* _Work task_
For each record below, retype the text exactly and omit any image.

[Stored data]

*** Block opens ***

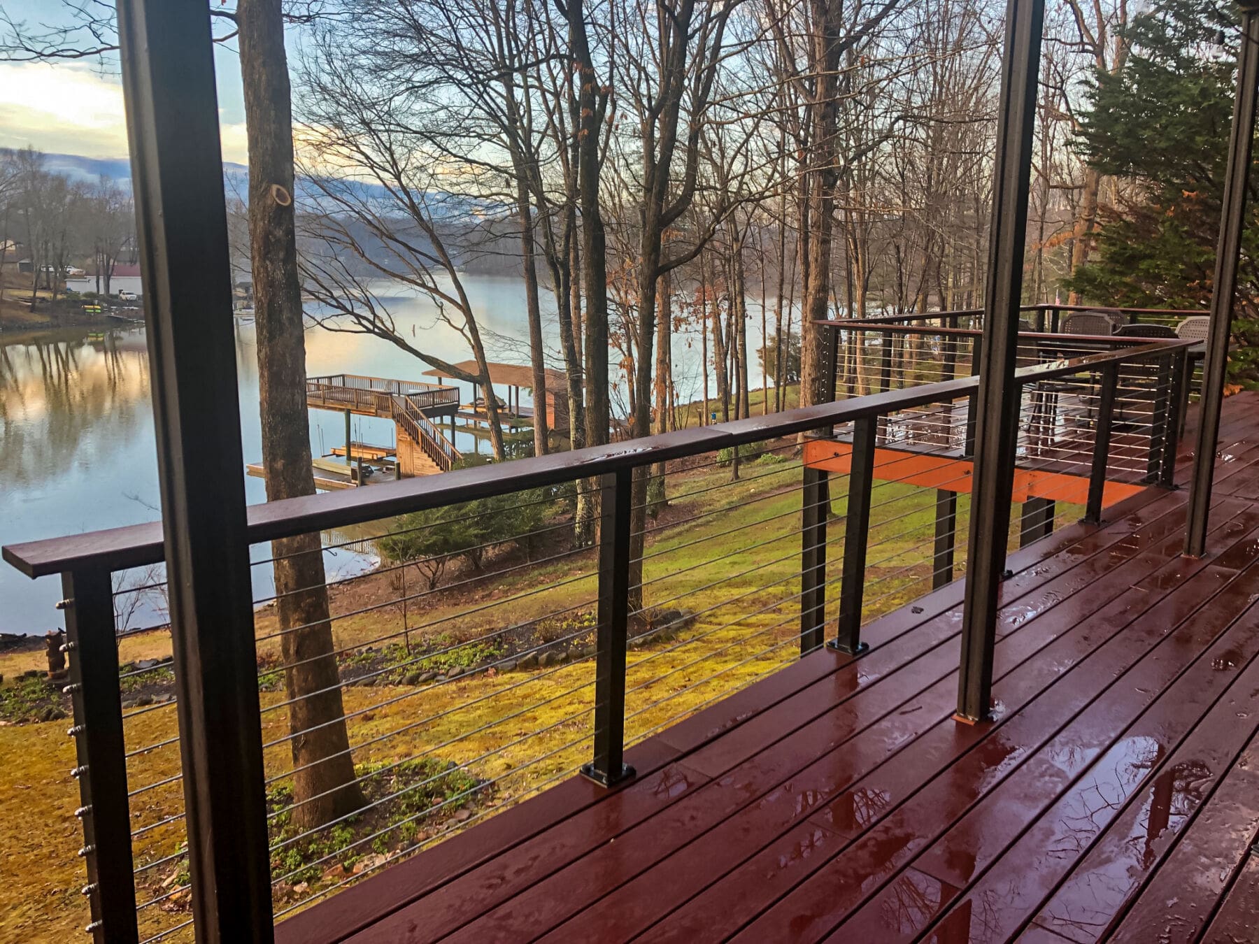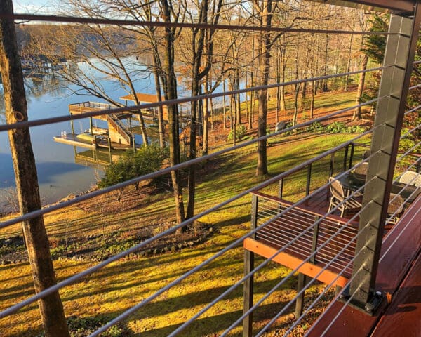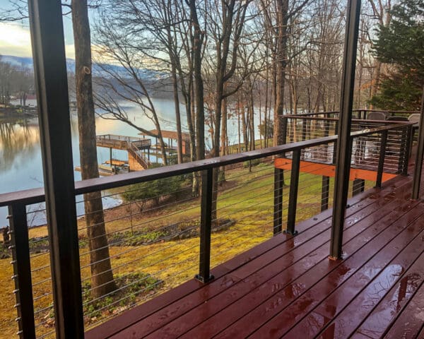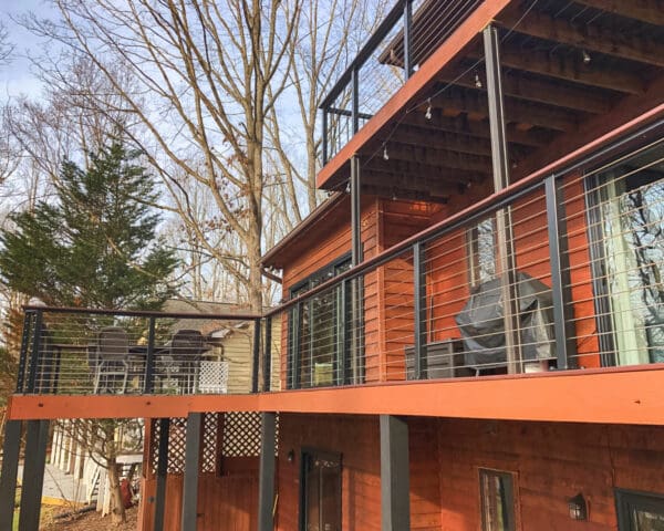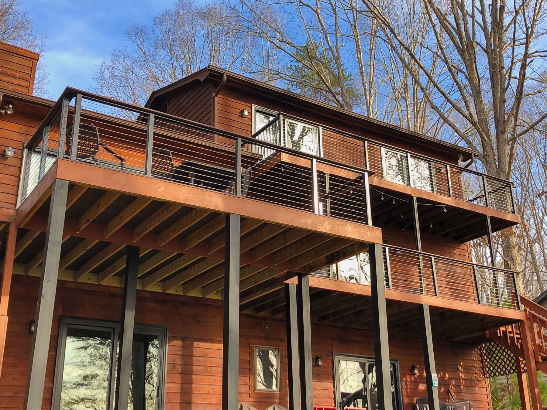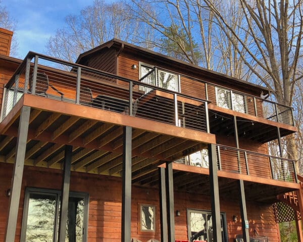 Overlooking the river, these multi-level decks demanded an open railing. Bronze aluminum and wood cable railing preserves the view while adding the perfect rustic touch.
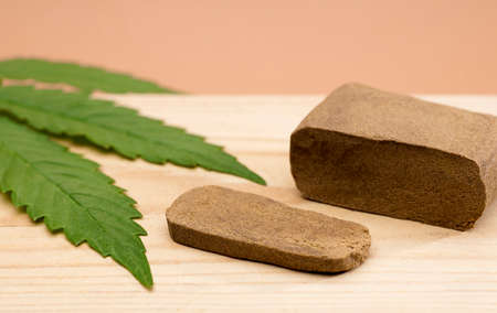 portion hashish with marijuana leaf, brown background
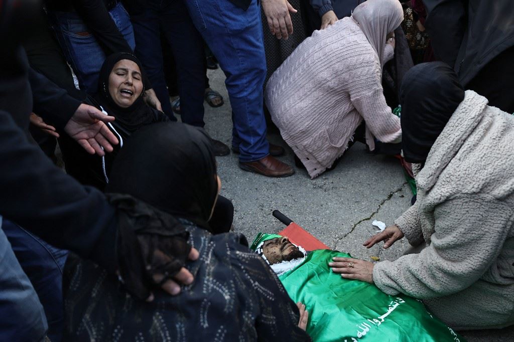 أقارب يبكون قرب جثة ملفوفة بالعلم لأحد الفلسطينيين الستة الذين قُتلوا خلال غارة إسرائيلية في جنين بالضفة الغربية المحتلة، خلال تشييعه (7 ك2 2024، أ ف ب).
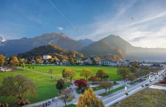 因特拉肯位於瑞士著名風景區少女峰的山腳下,是進入伯爾尼高地的門戶。這裡既能泛舟湖上觀光,也能乘高空纜車登上阿爾卑斯山的高峰,一覽少女峰天然奇觀的風采,加之整年氣候溫和,環境優美,因此成為了歐洲著名的度假勝地。
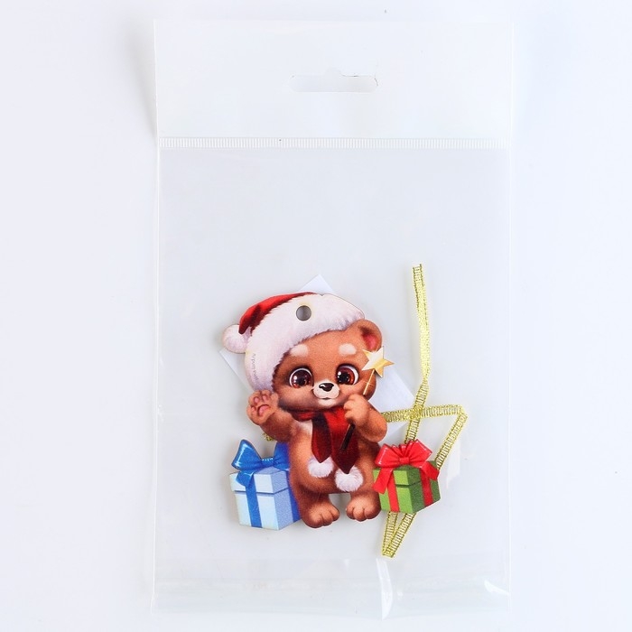Ёлочная игрушка - подвеска деревянная «Новый год! Мишутка»

*** Block closes ***

* _Output of the exercise_
 Overlooking the river, these multi-level decks demanded an open railing. Bronze aluminum and wood cable railing preserves the view while adding the perfect rustic touch.
 portion hashish with marijuana leaf, brown background
 أقارب يبكون قرب جثة ملفوفة بالعلم لأحد الفلسطينيين الستة الذين قُتلوا خلال غارة إسرائيلية في جنين بالضفة الغربية المحتلة، خلال تشييعه (7 ك2 2024، أ ف ب).
 因特拉肯位於瑞士著名風景區少女峰的山腳下,是進入伯爾尼高地的門戶。這裡既能泛舟湖上觀光,也能乘高空纜車登上阿爾卑斯山的高峰,一覽少女峰天然奇觀的風采,加之整年氣候溫和,環境優美,因此成為了歐洲著名的度假勝地。
Ёлочная игрушка - подвеска деревянная «Новый год! Мишутка»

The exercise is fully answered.